God is smart, because He knows what went down in the garden, when the serpent was chit chatting with Eve. He knew that the second that she bit into that apple, that the action would doom man to be poisoned with an overwhelming sense of self.  Before the fall, man and woman had their focus on God, and each other... and it was good. Then the idea was brought forth for disobedience, The idea that "God did not say" That there was another word contrary to the truth...   Your word, your way, that surely, You will not die.

The two greatest commands are Love God with all your heart soul and strength, and the second like it, love your neighbor as you would yourself.

Now we struggle to love God in our churches. We don't read much of His word. We don't spend much time in prayer.
When we do, it is usually us telling God what we want, or what we think we need.
Should we pick up a Bible, its generally about a minute or two that we read a passage and then we wait until service for a preacher to tell us more things about what the word of God might say because we want to spend our time doing everything except reading it for ourselves.

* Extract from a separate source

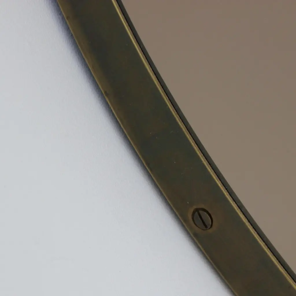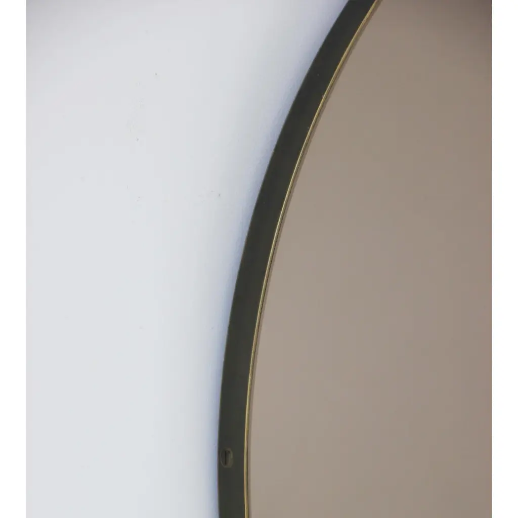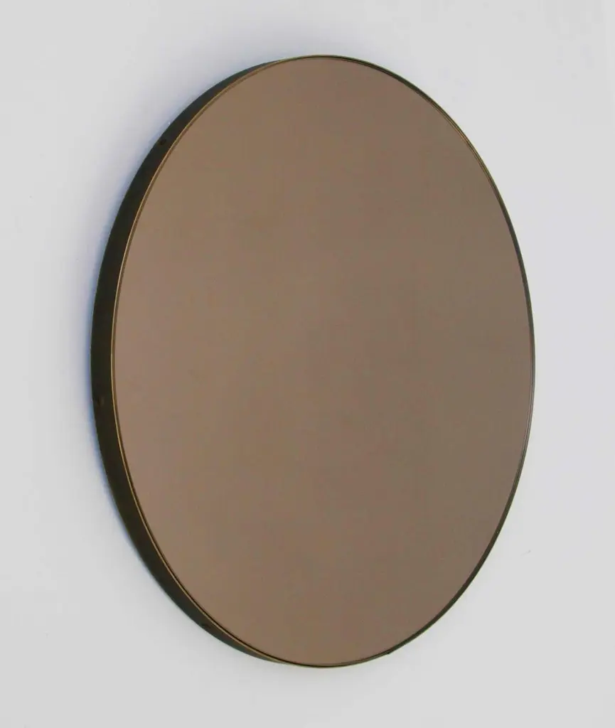 Contemporary bronze tinted Orbis™ round mirror with a solid brass frame with a bronze patina finish. Designed and handcrafted in London, UK.Our mirrors are designed with an integrated French cleat (split batten) system that ensures the mirror is securely mounted flush with the wall. An alternative hanging hook or a Z-bar (depending on the size of the mirror) is available on demand for mirrors that need to be installed allowing some separation from the wall.The Neska™ signature bronze patina finish of our frames is a highly skilled and handcrafted process. Carried out by our talented craftsmen, this artistic finish is created from the base metal itself to achieve the natural look of aged brass. This makes the finish of each frame original and unique as no two frames can be identical. Any sample or images provided to obtain your approval on the desired finish or on our website or any other promotional material are therefore for guidance only.This mirror is fully customisable.Shipped safely and insured worldwide. All our mirrors are made on demand. Fabrication lead time for this particular mirror is approximately 4 to 5 weeks. Our mirrors are always shipped by courier express. Shipping via courier express typically requires 1 to 2 days to the UK, or 2 to 7 days outside the UK depending on the destination.Available in the following diameters:Small: 40cm / 15.8"Regular: 50cm / 19.7"Medium: 60cm / 23.6"Large: 80cm / 31.5"Extra Large: 100cm / 39.4"Depth 1.8cm / 0.7"Prices for 120cm / 47.2”, 150cm / 59”, or any bespoke diameter, are available on demand.Available options:- frame finish: brass (brushed, polished or with a bronze patina), copper, stainless steel, blackened metal, powder coated aluminium in a range of standard or bespoke colours- mirror tints: standard silver, black, bronze, blue, rose gold / peach- back-illumination creating a halo effect- front-illumination around the periphery of the mirror- demister pad- bevelPlease contact us for a quote for any bespoke specification or added options.ORDERS OF MULTIPLE MIRRORS OF THE SAME TYPE: Please contact us to receive a Packing and Shipping quote when ordering multiple mirrors of the same type. An order for multiple mirrors of the same type may not be accepted without extra packing and shipping fees. Thank you.

Love your neighbor as yourself.
All of the commands of God are pointing to this place where God is trying to get us to stop focusing so intently on US, when we should be submitting to Him.

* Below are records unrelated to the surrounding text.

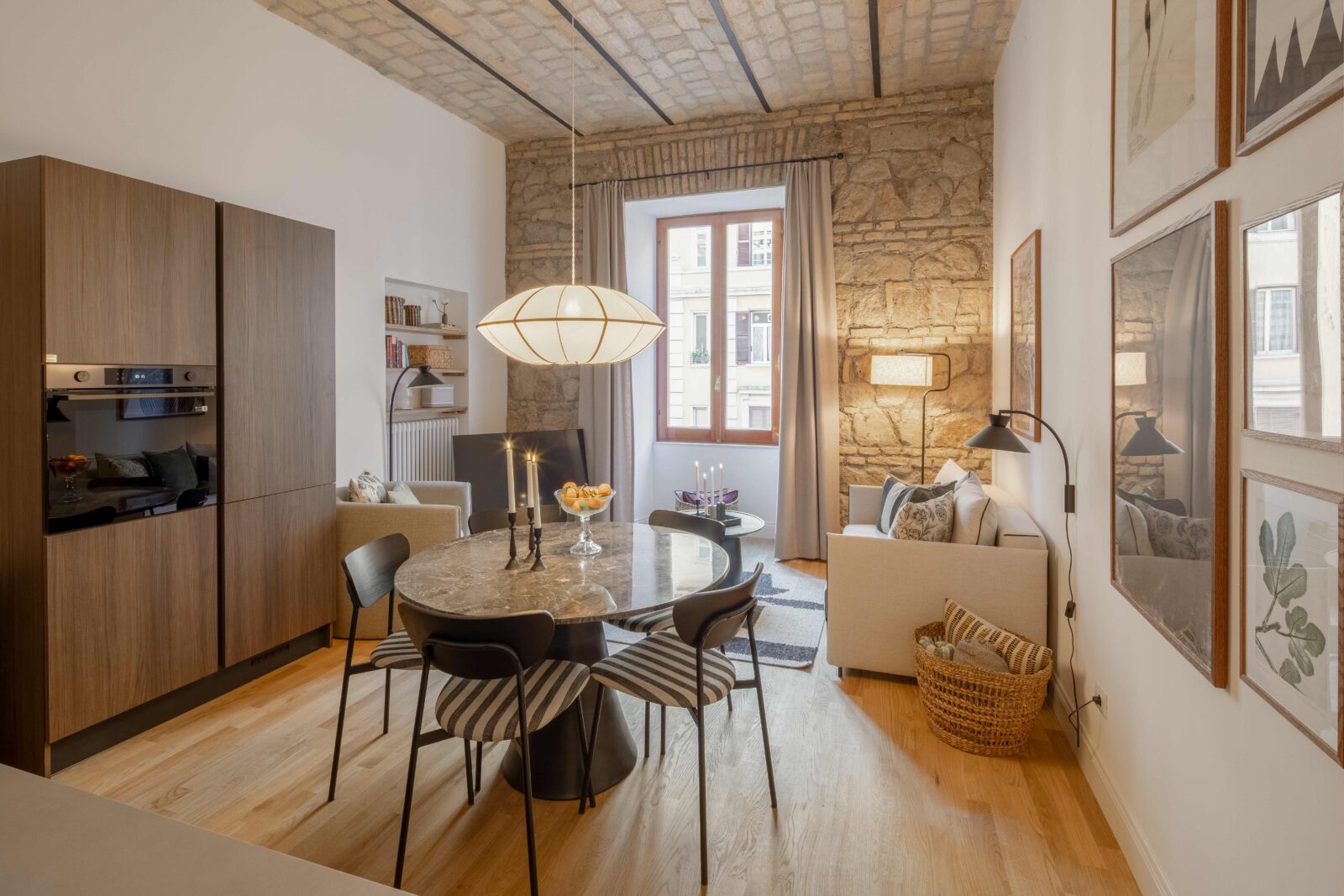 Den ene er en storbylejlighed i Roms historiske centrum. Boligen har ca. 90 m2 og er smukt renoveret med bevarelse af bygningens originale detaljer såsom blotlagte stenvægge og -lofter. Comfort-lejligheden har to soveværelser og to badeværelser samt adgang til fælles tagterrasse. Se de helt nye billeder af boligen i dette indlæg.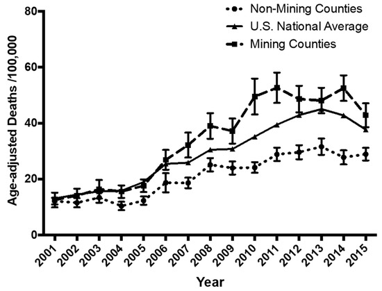 - Esch, L.; Hendryx, M. Chronic cardiovascular disease mortality in mountaintop mining areas of central Appalachian states. J. Rural Health 2011, 27, 350–357. [Google Scholar] [CrossRef] [PubMed]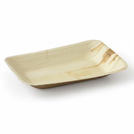 This 10” (25cm) x 6” (15cm) Palm Leaves Rectangular Tray offers a natural, sustainable solution for food service. Crafted from natural palm leaves, this single-compartment tray is disposable, naturally compostable, and eco-friendly. Ideal for catering and takeaway, it is also microwave, oven, and freezer safe.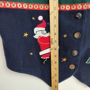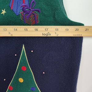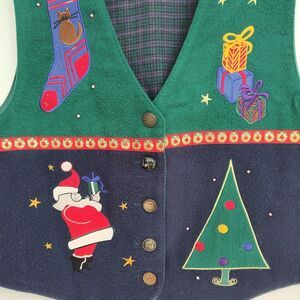 The vintage Karen Scott Christmas Sweater Vest is a festive and cozy piece perfect for the holiday season. This women's vest features a classic green color with embroidered and beaded accents, adding a touch of whimsy to the design. With a sleeveless style and V-neckline, this vest offers a comfortable fit and a stylish look. Made from acrylic fabric and flannel accents, this sweater vest is sure to be a standout addition to your winter wardrobe.

This sickness of self, it is rampant through the body of Christ. We don't have time to listen to what God wants us to do... because WE are too busy doing the things that WE like, in His name.

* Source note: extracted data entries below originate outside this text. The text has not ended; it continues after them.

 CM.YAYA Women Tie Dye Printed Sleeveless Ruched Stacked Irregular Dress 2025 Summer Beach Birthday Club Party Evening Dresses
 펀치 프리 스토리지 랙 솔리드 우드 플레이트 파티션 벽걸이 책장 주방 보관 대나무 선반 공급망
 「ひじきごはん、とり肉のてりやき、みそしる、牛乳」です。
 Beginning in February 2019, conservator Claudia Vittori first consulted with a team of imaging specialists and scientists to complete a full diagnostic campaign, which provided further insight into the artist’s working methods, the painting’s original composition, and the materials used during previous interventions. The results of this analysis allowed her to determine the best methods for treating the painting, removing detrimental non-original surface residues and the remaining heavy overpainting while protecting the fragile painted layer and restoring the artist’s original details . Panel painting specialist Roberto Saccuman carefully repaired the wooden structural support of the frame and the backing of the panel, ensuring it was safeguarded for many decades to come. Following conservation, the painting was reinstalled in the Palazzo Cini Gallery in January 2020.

It's like throwing a party with a chocolate cake, and a chocolate fountain and chocolate ice cream with chocolate fudge and chocolate sprinkles with chocolate chip cookies and chocolate milk.... for the kid that is deathly allergic to chocolate.

Pride is an over inflated sense of self.


I'll get transparent here with something that happened years ago.

The worst pain that I have ever felt in my heart, was brought about from a moment when I heard the devil say words with my voice. I was experiencing a situation that seemed so, perfect. It involved a woman. When I was near this woman I was the happy. We had feelings for each other.  When I looked at my life, and my situation and all the places I've been and all the things I lost... all the suffering I'd endured in my young life... I was not looking at God, or HIS word... I heard that voice that sounded like mine say "You deserve this one thing. You deserve to be happy in this."  This relationship it felt so right, and romantic, and magic...

...but it didn't feel obedient.

The more years I put between then and now, the more I see how little I understood about love, you know. The sacrificial true stuff. I think one of the hardest things that I have ever done in my life is not be with that woman. My love and my duty to God, my focus on Him... that took me in another direction.
Had I said to heck with everything and stayed, what could I ever have spoken of on Honor, and Submission, Sacrifice and self denial? What could I have said that wouldn't have been contradicted by my action?


We get caught up in these things where we feel a certain way, and we think that because we feel these feelings so strongly and they are so powerful, that they are right.

I have heard people say that they do not feel convicted about certain things in the Bible that God says very clearly are a sin. Suddenly, when we say such a thing, we are now elevating our feelings above the truth of scripture.


Can you imagine, fasting for 40 days?
Can you imagine fasting for 2 weeks?
Can you imagine if Jesus had turned the stones to bread?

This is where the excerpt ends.